Source location determination of volcanic tremors is a challenge in seismology due to unclear phase arrivals of P- and S-waves, which makes conventional hypocenter methods using phase arrival times inapplicable. Previous studies have proposed alternative methods using spatial distributions of seismic amplitudes, called the amplitude source location (ASL) method (e.g. Battaglia & Aki, 2003; Kumagai et al., 2010), which have been applied at various volcanoes. Another is the method using the seismic cross-correlation functions (CCFs), which is called the CCF-based Source Scanning Algorithm (CCF-based SSA) method proposed by Droznin et al. (2015). Both methods work by performing a grid search to find an optimal point that represents the source location. However, the CCF-based SSA method by the previous study does not determine the source depth, and there are only a small number of studies that apply the method to real data. We recently modified the CCF-based SSA method to determine the horizontal location and source depth (Permana et al., submitted). In this study, the performances of CCF-based SSA and ASL methods to locate seismic sources are compared. We use seismic records of volcano-tectonic earthquakes (VTs) at Izu-Oshima and Sakurajima volcanoes. The VT hypocenters located by using an arrival time method (Hirata and Matsuura, 1987) are used as the reference. By assuming that S-wave is dominant in the waveforms, we locate the VTs using CCF-based SSA and ASL methods and calculate the misfits by comparing the obtained source locations with the reference hypocenters.

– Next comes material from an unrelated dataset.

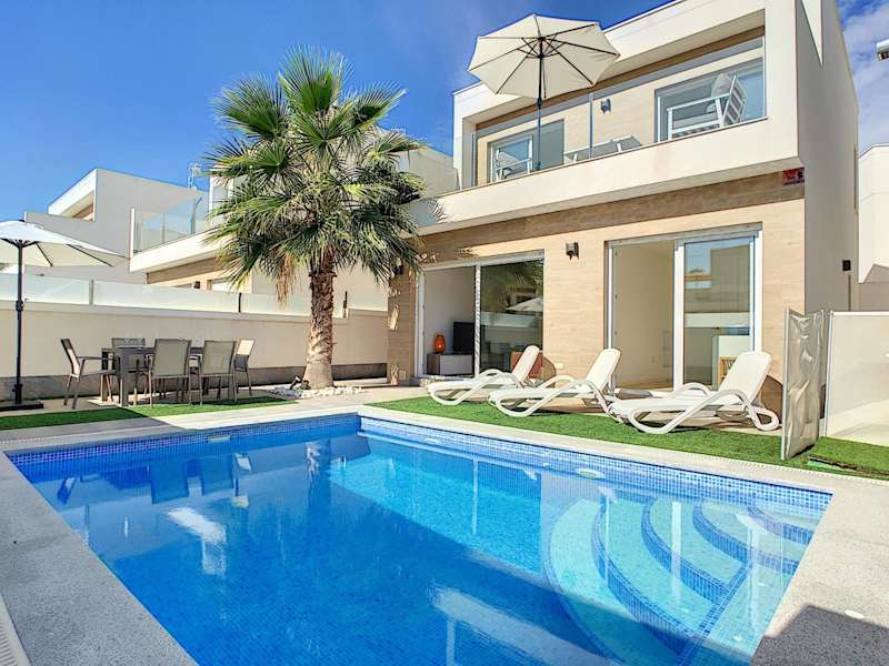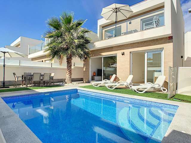 Die Villa Sol - San Pedro del Pinatar in San Pedro del Pinatar ist eine ideale Unterkunft für einen entspannten Urlaub. Mit einem Außenpool, einem schönen Garten und einer Terrasse bietet sie eine perfekte Umgebung, um die Sonne zu genießen. Das kostenfreie WLAN ermöglicht es Ihnen, mit Ihren Lieben in Verbindung zu bleiben, während Sie den atemberaubenden Poolblick genießen. Die klimatisierte Villa verfügt über 3 Schlafzimmer, ein gemütliches Wohnzimmer und eine voll ausgestattete Küche. Handtücher und Bettwäsche werden gestellt, damit Sie sich wie zu Hause fühlen. Ein besonderes Highlight ist der Whirlpool, der Ihnen zur Verfügung steht. In der Umgebung können Sie wunderbar Rad fahren und die Strände El Mojon und La Mota erreichen Sie in kurzer Entfernung. Der internationale Flughafen Murcia-Region ist nur 37 km entfernt.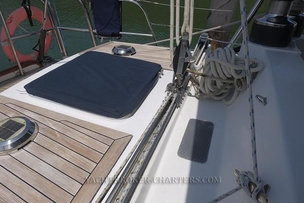 Working aft, a large bow locker is found which houses the chain and bow thruster. The hatch lid is assisted by a gas shock for ease of opening and the frame is guttered with 2 overboard drains. Hinges are countersunk into the teak to provide pain free operation. Storage for fenders, hoses, lines and the lexan storm covers for all glass surfaces can be found here. This space is wired with 12V lighting and power and weatherproof 110V. The staysail stay is mounted here. This is detachable should one wish to do so. It is stowed on the starboard side clear of the fore deck.

The results show that the misfits for the ASL method are more horizontally shifted from the reference than those for CCF-based SSA method, although the standard deviations of the ASL method are smaller. The results also show that the ASL method is much affected by the selection of the constant S-wave velocity, quality factor Q, and site amplification factors: S-wave velocity and Q have a more significant effect on the source depth, while the site amplification factor affects the horizontal location. On the other hand, the CCF-based SSA method does not show such systematic biases in the locations, but slightly larger standard deviations of up to about 2 km are obtained. In both methods, the configuration of seismic stations has an important role in constraining the source location.

We finally point out the advantage of using CCF-based SSA method as it requires smaller number of the initial information and is able to consider a complex velocity model.